Combinatorics was never easy

For each village on one side, let us consider the set of villages on the other side it directly connects to.

Label the villages on one side from $v_1$ to $v_{15}$ and the other side from $u_1$ to $u_{20}$ .

Clearly, the highest numbered village $v_i$ connects to equal to the lowest numbered village $v_{i+1}$ connects to. If it is more, the two bridges will intersect. Hence it is less than or equal. If it is less, then if $v_i$ connects to $u_j$ and $v_{i+1}$ connects to $u_k$ with $j<k$ , $u_k$ is not indirectly connected to $v_i$ .

If a village $v_i$ directly connects to $u_a$ and $u_b$ , it is directly connected to $u_c$ where $a\leq c\leq b$ . This can be obtained from the fact that if $u_c$ is connected to something else, then it causes an intersection of bridges, hence, $u_c$ would connect to $v_i$ .

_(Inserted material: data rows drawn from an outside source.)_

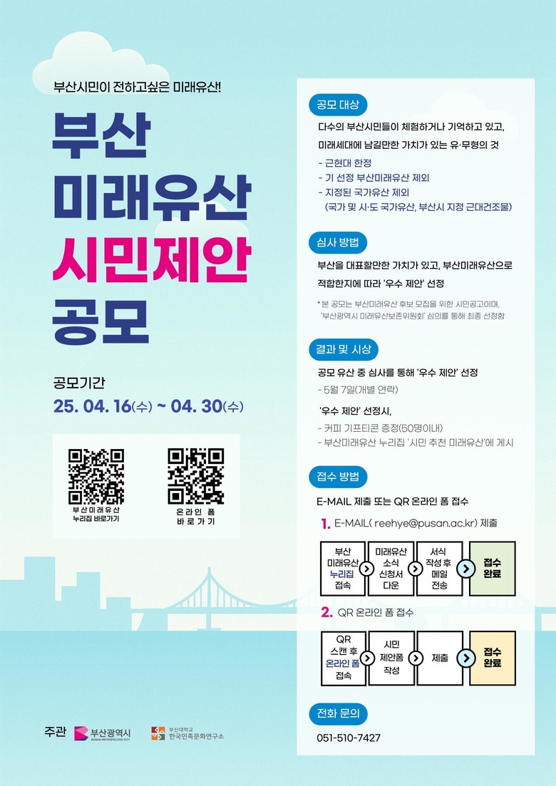 공모 최종 결과는 오는 5월 7일 발표될 예정이며, 기타 자세한 사항은 부산미래유산 누리집 내 미래유산 소식(www.busan.go.kr/futureheritage/future03) 또는 시 문화유산과 유산활용등재팀(☎ 051-888-5094, 510-7427)으로 문의하면 된다.
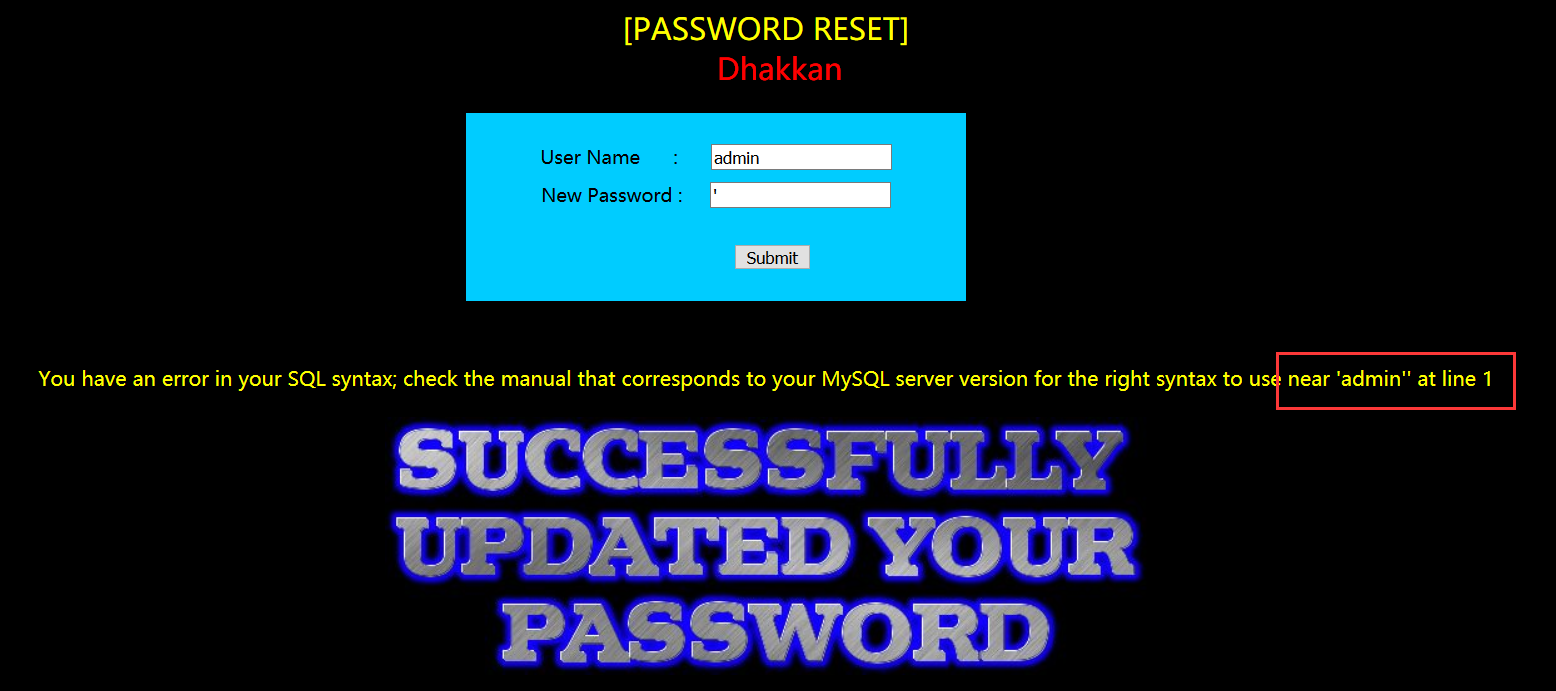 这里我们看到有报错信息显示出来了,那我们就可以用前面的报错注入来进行,password位置输入:
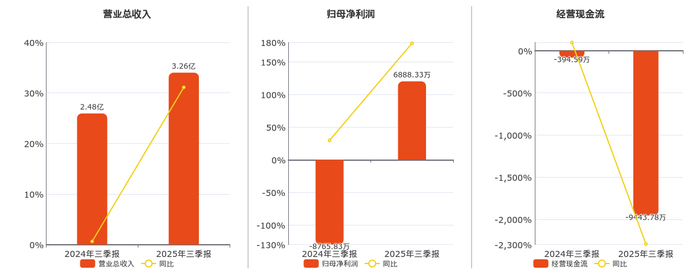 公司营业总收入为3.26亿元,较去年同报告期营业总收入增加7724.55万元,实现2年连续上涨,同比较去年同期上涨31.10%。归母净利润为6888.33万元,较去年同报告期归母净利润增加1.57亿元,实现2年连续上涨。经营活动现金净流入为-9443.78万元。
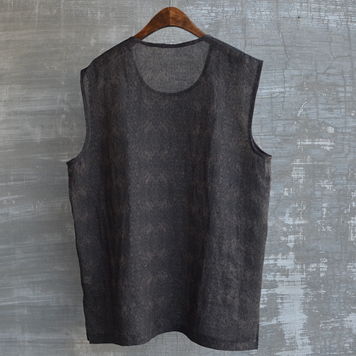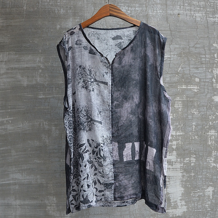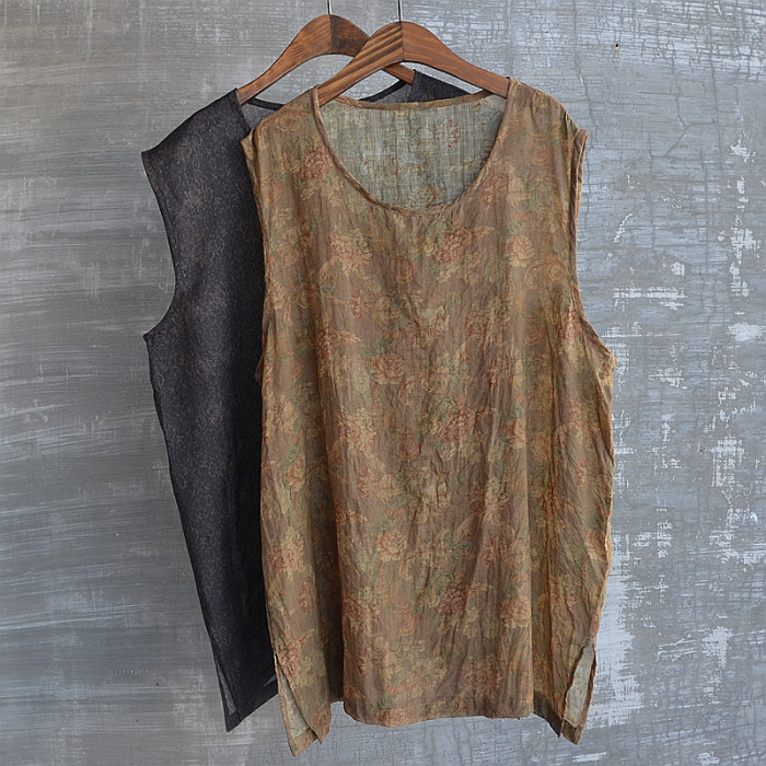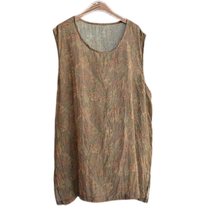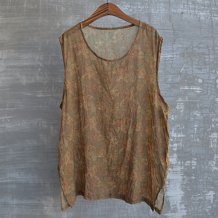 夏季印花苧麻汗背心休閒圓領套頭流行無袖衫舒適涼爽透氣休閒青春
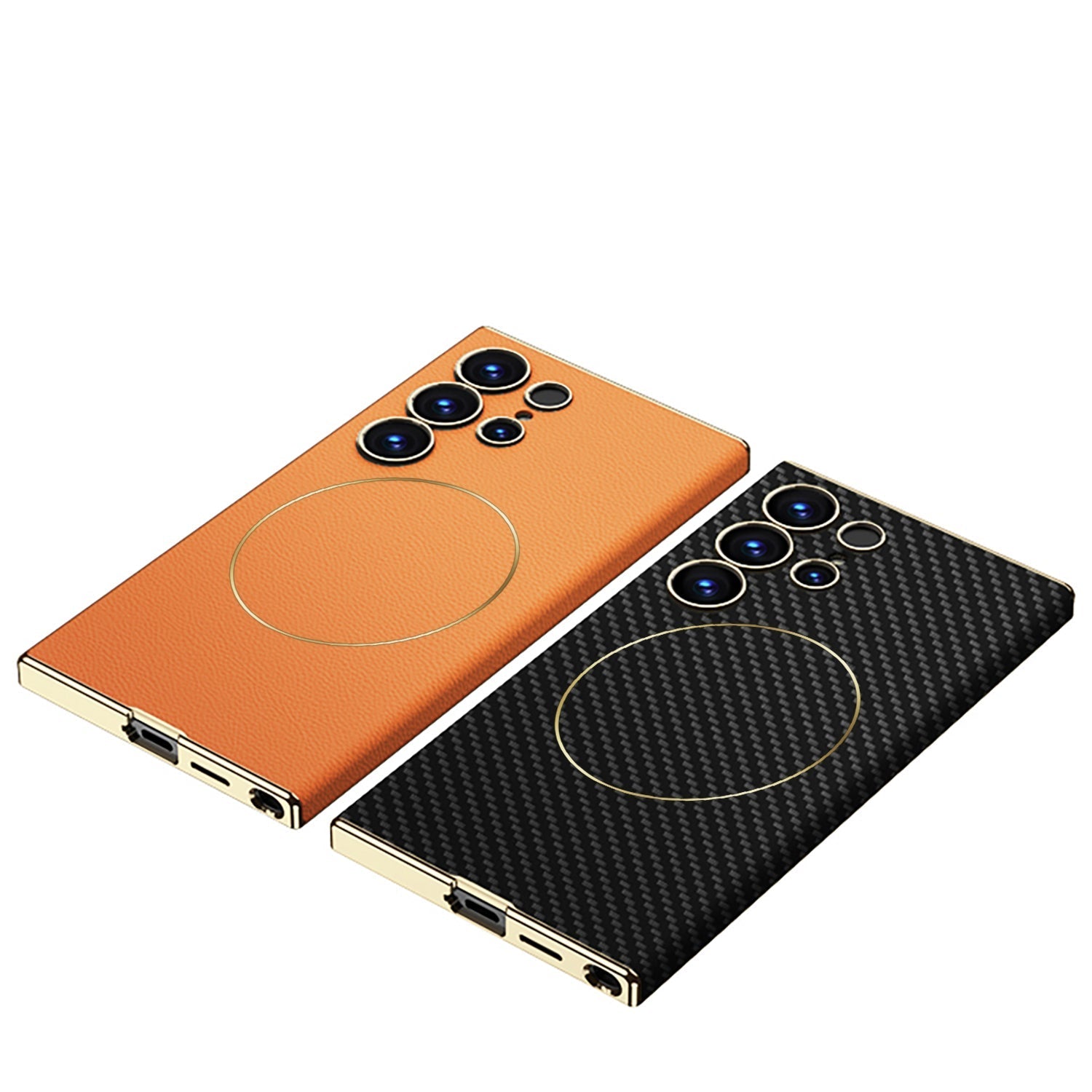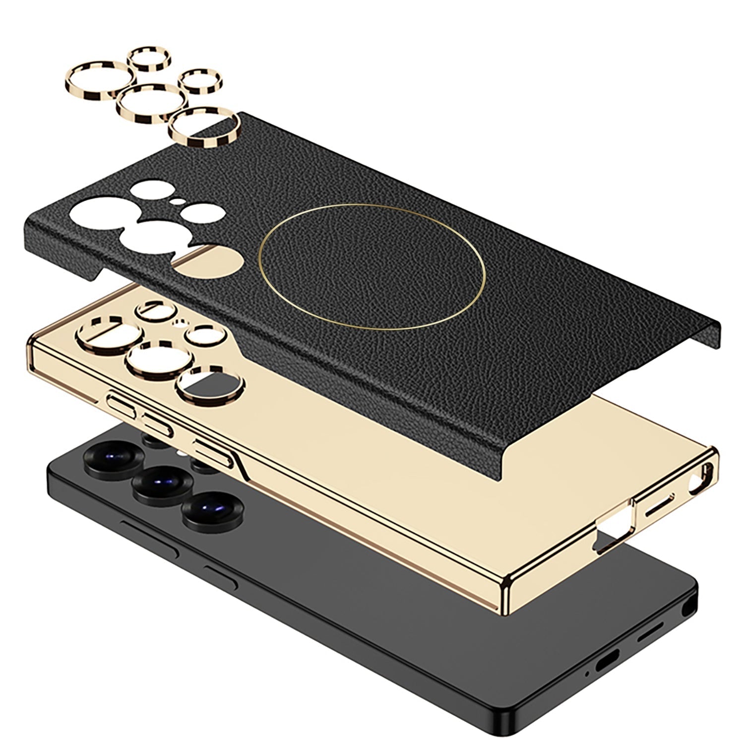 Luxurious Leather Shockproof Phone Case Support Wireless Charge For Galaxy S25 S24 S23 Ultra
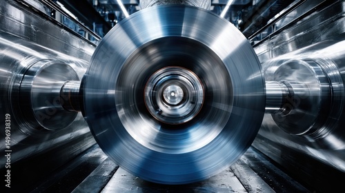 Industrial machine spinning aluminum wheel with motion blur, engineering concept
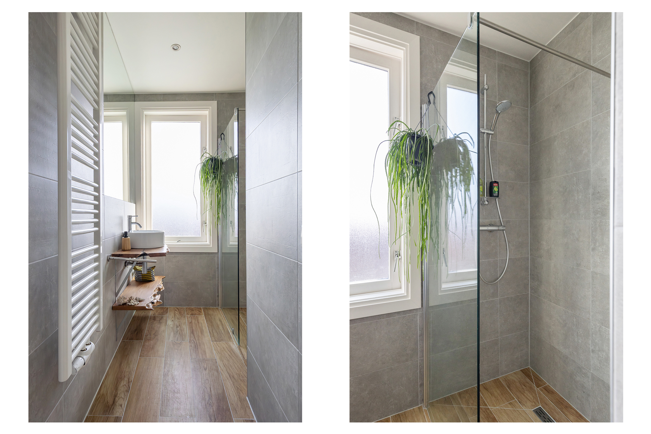 De moderne badkamer is uitgerust met een inloopdouche, wastafelmeubel en designradiator. Het toilet is separaat en bereikbaar via de overloop. Originele paneeldeuren geven de woning extra charme.
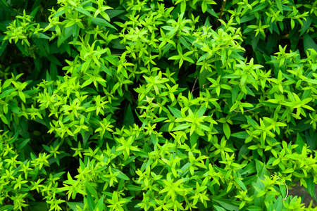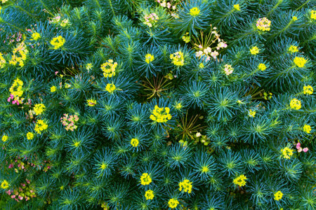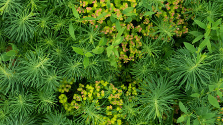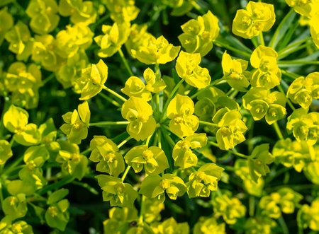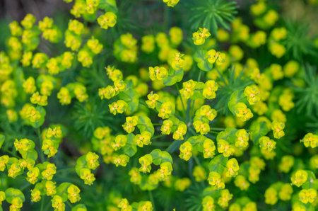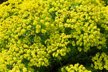 Euphorbia cyparissias, cypress spurge spring flowering herb. ornamental perennial in landscape design garden or park Abstract pattern Top view
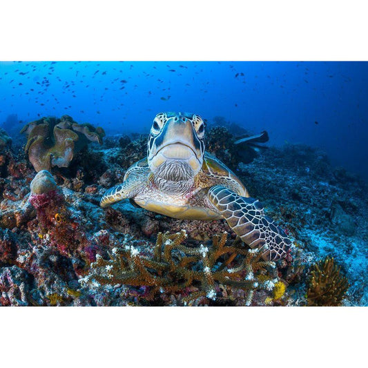 Face To Face With A Green Turtle Gold Ornate Wood Framed Art Print with Double Matting by Gabriel, Barathieu
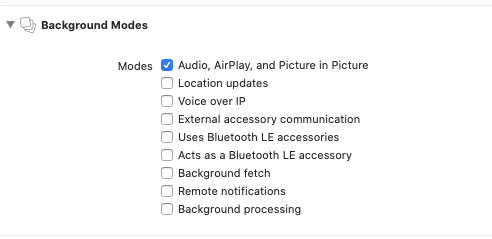 Deployment Target 建议设置为 iOS 11.0。3. 后台模式:主 App 必须开启 Background Modes 中的 “Audio, AirPlay, and Picture in Picture” 选项,以保证后台保活。
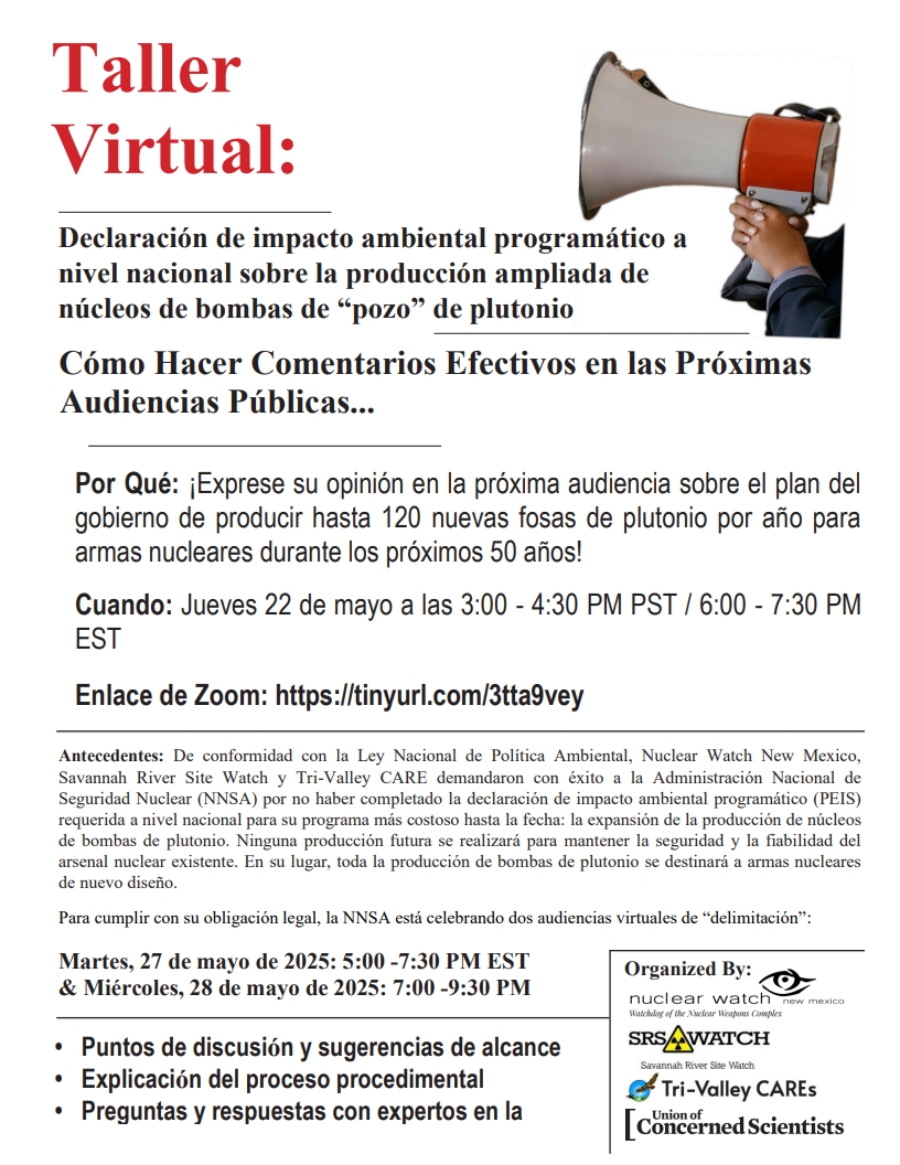 De conformidad con la Ley Nacional de Política Ambiental, Nuclear Watch New Mexico, Savannah River Site Watch y Tri-Valley CARE demandaron con éxito a la Administración Nacional de Seguridad Nuclear (NNSA) por no haber completado la declaración de impacto ambiental programático (PEIS) requerida a nivel nacional para su programa más costoso hasta la fecha: la expansión de la producción de núcleos de bombas de plutonio. Ninguna producción futura se realizará para mantener la seguridad y la fiabilidad del arsenal nuclear existente. En su lugar, toda la producción de bombas de plutonio se destinará a armas nucleares de nuevo diseño.
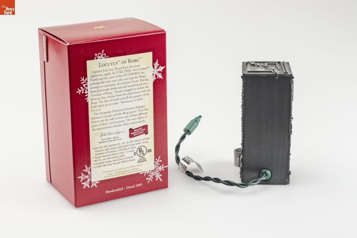 LOCUTUS OF BORG / Captain Jean-Luc Picard faces his worst / nightmare-again. In STAR TREK: First Contact(TM) / Picard and the crew of the ENTERPRISE are / perhaps the only ones who can stop the Borg's / attempt to assimilate all of planet Earth. Having / been previously abducted and transformed into / "Locutus of Borg," Picard struggles to defeat the / demons that remain from his experiences with the / Borg. The fate of Earth and all the peoples of the / Federation are at stake. "Resistance is futile." / Or is it? / This Keepsake Ornament features dialogue / between Locutus and the Borg queen. Press the / button on the side to hear one of four different / part of their conversations. The eerie lights of / the regeneration chamber flash continuously. / Anita Marra Rogers / Anita Marra Rogers / Hallmark Keepsake Artist / HOLIDAY / MEMORY CARD / ENCLOSED / Use only with standard UL, cUL, or CSA listed or certified / miniature light strings using push-in type bulbs, having / multiples of 35 bulbs or 50 bulbs in series. / Typical electrical rating 6 volts, 1.2 watts. / Not for use with blinking lights. / Complete display instructions enclosed. / Limited Warranty through 2008 enclosed. / C UL(R) US / LISTED / ELECTRIC / ORNAMENT / For decorative use only. Not for children under 8. / Concue a des fins decoratives seulement. / Ne convient pas aux enfants de moins de 8 ans. / Handcrafted - Dated 2005
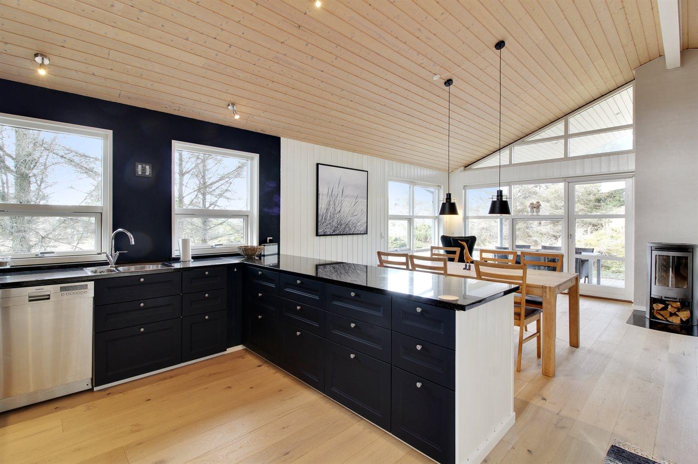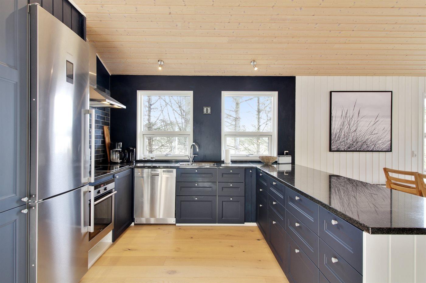 Køkkenet er udstyret med 1 køleskab. Der er 4 induktionskogeplader, varmluftovn, mikrobølgeovn samt opvaskemaskine.
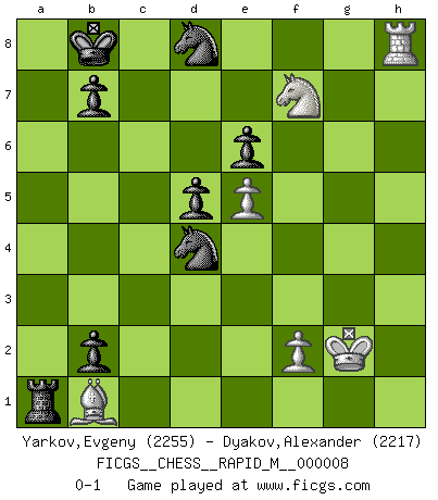 Last move : 0-1 2008 January 1 7:36:13 [Event "FICGS__CHESS__RAPID_M__000008"] [Site "FICGS"] [Date "2007.06.23"] [Round "1"] [White "Yarkov,Evgeny"] [Black "Dyakov,Alexander"] [Result "0-1"] [WhiteElo "2255"] [BlackElo "2217"] 1.e4 c6 2.d4 d5 3.e5 Bf5 4.Nf3 e6 5.Be2 Nd7 6.O-O Bg6 7.Nbd2 Ne7 8.Nh4 c5 9.c3 cxd4 10.cxd4 Nf5 11.Nxg6 hxg6 12.Nf3 Be7 13.Bd3 Nb8 14.Bd2 Nc6 15.Bc3 a6 16.b3 Qb6 17.Rc1 Ba3 18.Rc2 a5 19.h3 O-O 20.Qa1 Rfc8 21.g4 Nfe7 22.Bb2 Bxb2 23.Qxb2 Nb4 24.Rxc8+ Rxc8 25.Bb1 Qc7 26.Re1 Qc3 27.Qe2 Nec6 28.a3 Na6 29.Qe3 Qb2 30.h4 Qxa3 31.Kg2 Kf8 32.h5 gxh5 33.gxh5 Nd8 34.Rh1 Nc7 35.Bc2 Nb5 36.Bd3 Na7 37.h6 gxh6 38.Qxh6+ Ke8 39.Ng5 Qe7 40.b4 Rc3 41.Be2 axb4 42.Nh7 Kd7 43.Nf6+ Kc8 44.Qd2 Nac6 45.Rh8 Kb8 46.Ne8 Ra3 47.Bd1 b3 48.Qc3 Qb4 49.Qxb4 Nxb4 50.Nd6 Nbc6 51.Nxf7 b2 52.Bc2 Nxd4 53.Bb1 Ra1 0-1 Caro-Kann : Advance variation Kingside Castling by player White (move 6) Kingside Castling by player Black (move 19) Player Black won this chess game. Follow this game move after move (download)I give 98 percent of my mental energy to Chess. Others give only 2 percent. (Bobby Fischer) Alles was am Schachbrett zählt sind gute Züge. (Robert James Fischer) Botvinnik trató de alejar el misterio referente al Ajedrez, siempre relacionandolo a situaciones de la vida diaria. Solía llamar al Ajedrez un problema inexacto típico, similar a aquellos en que la gente tiene siempre que resolver a cada día. (Garry Kasparov) Soyez une menace à chaque fois que vous vous asseyez pour jouer. (Ken Smith) Winning isn't everything... but losing is nothing. (Mednis)

Hence, this "partitions" the villages on one side into the villages of the other side. Instead of "partitioning" the villages, we look at the bridges. Each bridge is associated to exactly one village $v_i$ . We partition all $20+15-1$ bridges into $15$ villages. By stars and bars or otherwise, we get the answer of ${(20-1)+(15-1)\choose(15-1)}$ .